The network is searching for a new crop of hopeful hoofers for season two, to begin sometime later this year.

Cheap recognition

Has-beens are hot because they’re “cheap, compared to big current stars, and they provide instant name recognition,” said Mary Desjardins, associate professor of film and television studies at Dartmouth College, via e-mail.

Hulk Hogan

“They bring a presold quality to the project, so that it doesn’t need to be tested slowly while audience loyalty builds and new stars develop, as with more traditional productions.”

And this is important, Desjardins said, at a time when the entertainment industry is increasingly obsessed with instant hits.

Because reality series are inexpensive to produce, and shorter in cycle than fictional shows (generally six episodes instead of 13), if a show flops, it’s no biggie. There’s another one waiting in the wings.

Which helps to explain “Hogan Knows Best” on VH1, in which hairy ex-wrestler Hulk Hogan is revealed as just another puzzled patriarch wondering if it’s OK to let a 22-year-old college guy take his 16-year-old daughter on her first date. The show’s July 10 debut set a network record, drawing 2.7 million viewers.

The aforesaid Griffin, her second-banana-to-Brooke-Shields career revived by playing herself on “The Surreal Life,” has a new series, “Life on the D-List,” starting Aug. 3 on Bravo.

Holding on to fame

Kathy Griffin

Celebrity recycling is so big that some personalities are being snatched from the compost pile before they’ve barely registered with the public. July 25 saw the premiere of “Kill Reality” on E!, featuring cast members from “The Survivor,” “The Bachelor,” “The Amazing Race” and such, attempting to act.

And consider “Apprentice” diva Omarosa Manigault-Stallworth, who has managed to parlay five minutes of Trump-bestowed fame into appearances on 10 shows – among them “Fear Factor,” “Girlfriends” and the soap opera “Passions” – plus a Burger King commercial.

She’s starring on the fifth season of VH1’s “The Surreal Life,” in which six members of the washed-up, the burned-out, the coulda-beens and the hope-to-be’s set up housekeeping while the cameras roll.
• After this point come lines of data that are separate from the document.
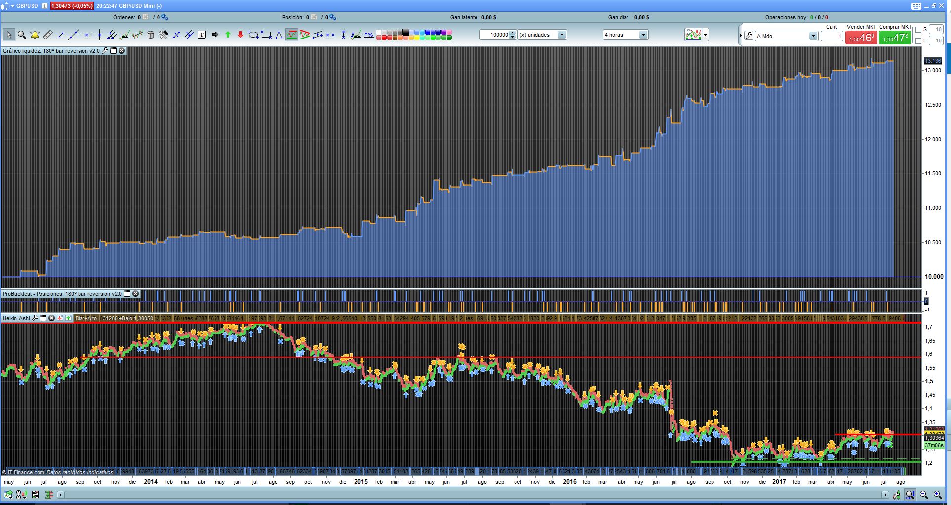 Hello all, this is the latest version of my reversion bars strategy on GBPUSD, it has been optimized and its running better, also i have backtested on 100000. If anyone want to kindly backtest this strategy on 200000 bars, be my guest and please share the results =D =D Thanks and good trading
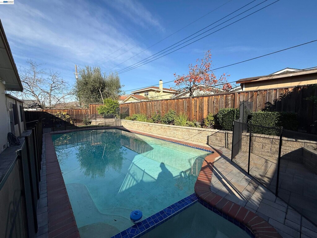 Single story home in great Milpitas neighborhood. Home has updated kitchen with GE stainless steel appliances,granite counters,new copper plumbing and tile floors. Formal Living room,dining area,and separate step down family room. There is also a bonus sunroom not included in the square footage. Recessed lights in Kitchen and Living areas,ceiling speakers in Living and bedroom. Flower plants Sparkling fully fenced pool/jacuzzi and beautiful hardscape backyard.3 spacious bedrooms. Master bedroom suite with master bath. Central A/C and Central Heating. Excellent location with easy access to schools,park,Hwy 880/680,and public transit including BART. Award winning Alexander Rose Elementary School (tenant to verify with Milpitas School District) Apply with RentSpree
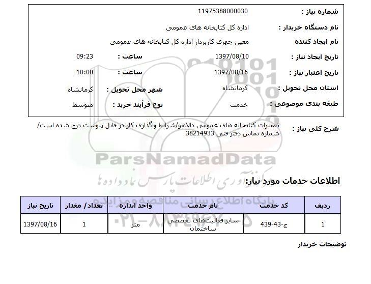 شرح کلی نیاز: تعمیرات کتابخانه های عمومی دالاهو/ شرایط واگذاری کار در فایل پیوست درج شده است شماره تماس دفتر فنی 38214933

Omarosa is living up to her witchy reputation. Upon meeting surprisingly grabby housemate Bronson Pinchot, best known for playing Balki in the 1980s sitcom hit “Perfect Strangers,” she blurted, “Whoa, dude gained lots of weight.”

When another housemate, baseball’s steroidal ex-slugger Jose Canseco, said he could beat her at something, she accused him of threatening to beat her up.

And she seems destined for a showdown with Dickinson, who nastily observed, “When I first saw Omarosa, I thought it was Rick James.”

But weep not for Omarosa. In a summer that has seen the recycling of both Pauly Shore (“Minding the Store” on TBS) and Howie Mandel (“Hidden Howie: The Private Life of a Public Nuisance” debuts next month on Bravo), she’s holding her own.

Look for her next month on two Bravo shows.

She’ll play cards on “Celebrity Poker Showdown.” And she’ll provide commentary for something called, so help us, “Battle of the Network Reality Stars.”